N-terminal acetylation enhances SV clustering induced by α-syn.

(a) α-syn is N-terminally acetylated in cells. Upper: Schematic representation of the delivery of 15N-labeled N-terminally unmodified α-synuclein (un-α-syn) into mammalian cells through electroporation. Lower: Comparisons of 2D 1H-15N HSQC spectra of N-acetylated α-syn (Ac-α-syn) (black) with in-buffer un-α-syn (blue) and in-cell un-α-syn (red). Distinct assignments for NMR cross-peaks corresponding to amino acids in Ac-α-syn and un-α-syn are enclosed and labeled. (b) Scheme of experimental design for the functional study of Ac-α-syn on SV clustering. SVs isolated from mouse brain were added to Ac-α-syn (Upper) for measuring size distribution by DLS (middle), and the sample was further visualized by using negatively stained TEM (lower). (c) The influences of N-acetylation of α-syn and (d) α-syn without the N-terminal 30 aa on SV clustering measured by DLS. The X-axis represents number percent of the single SV and clustered SVs counted by DLS. Error bars are standard deviations from 3 biological replicates. **, p-value < 0.01; ***, p-value < 0.001; analysis by Student’s t test. (e) Representative negatively stained TEM images of the single SV and clustered SVs in SV samples with no α-syn (grey) and Ac-α-syn (red), respectively.
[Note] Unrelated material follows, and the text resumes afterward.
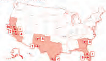
POVERTY GRIPS THE SUBURBS

A record 15.4 million suburban residents lived below the poverty line last year, up 11.5% from the year before, according to a Brookings Institution analysis of Census data. Nearly three-quarters of suburban nonprofit agencies have reported seeing more clients who had never accessed aid before. The 2010 U.S. Census reported the Florida poverty rate at 15 percent and Miami-Dade County poverty rate at 17.7 percent. According to a CNN Money.com article, "Poverty Pervades the Suburbs," poverty in Florida spikes the nation's poverty rate and is now at the highest level since 1994.

LPC mediates the enhancement of vesicle clustering by N-terminal acetylation of α-syn.

(a) Scheme of single-vesicle clustering assay for the functional study of Ac-α-syn on vesicle clustering. Vesicles were prepared with different amounts of LPC, and labeled with DiD (red) and DiI (green), respectively. A saturated layer DiD-vesicles were immobilized on the imaging surface. Free DiI-vesicles were injected into the system with Ac-α-syn. Green laser illumination imaged the DiI-vesicles that clustered with DiD-vesicles. The enhancement of LPC (b) and DOPS (c) on single vesicle clustering probability by Ac-α-syn and un-α-syn, respectively. Error bars are standard deviations from 6 random imaging locations in the same sample channel. *** indicates p-value < 0.001, analysis by Student’s t test.
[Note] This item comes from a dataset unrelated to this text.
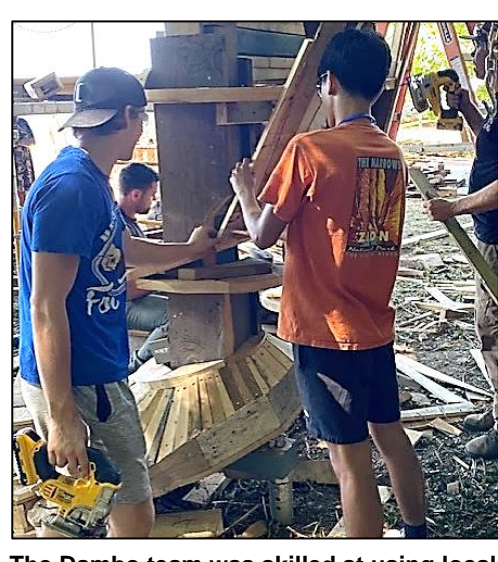
The Dambo team was skilled at using local volunteers to help bring the troll to life.

N-terminal acetylation increases the α-syn–LPC interaction.

Comparisons of residue-resolved NMR signal intensity ratios (I/I0) of un-α-syn (upper) and Ac-α-syn (lower) during titration with LPC micelles (a), LPC-containing liposomes (DOPC:LPC = 4:1, mol:mol) (b), and DOPS liposomes (c) at indicated protein/lipid molar ratios. Dash lines highlights the residue positions of 30 and 95. (d) SVs isolated from mouse brains were employed for NMR titration with 15N-Ac-α-syn, approximating the physiological ratio (α-syn:SV = 4000:300, mol:mol). Residue-resolved NMR signal intensity ratios (I/I0) of Ac-α-syn titrated by SVs to that in solution. The molar ratios of SV to Ac-α-syn are indicated. LPC titration in the Ac-α-syn/LPC ratio of 1:10 (blue curve) is overlaid on the SV titration. (e) 2D 1H-15N HSQC spectra of NMR for un-α-syn with LPC micelles and Ac-α-syn with LPC micelles, LPC-containing liposomes, and mouse SVs. The NMR cross-peak of the first 10 residues are highlighted and magnified, as depicted on the right side of each spectrum set (Note: the first and second residues of un-α-syn cannot be assigned).

Ac-α-syn binding on LPC shows high intermolecular interactions.

(a) The cross-linking patterns of Ac-α-syn in the presence of LPC and DOPS mapped by MS at the protein/lipid molar ratio of 1:50. Lines present the inter-molecular cross-linked residues between two individual 15N-labeled and unlabeled Ac-α-syn. The grayscale of the lines corresponds to the frequency of the cross-linked pairs identified in three individual experiments. Source data are provided in Tables S1-S6. (b) Ac-α-syn binds strongly to LPC through the N-terminal region (red arrow), and leaves more unbound NAC and C-terminus for intermolecular interaction (green arrow). In contrast, N-ternimal acetalytion reduces α-syn’s binding to DOPS, and due to the negtively charged headgroup of PS, Ac-α-syn binding on DOPS extends to NAC region, which limits intermolecular interactions.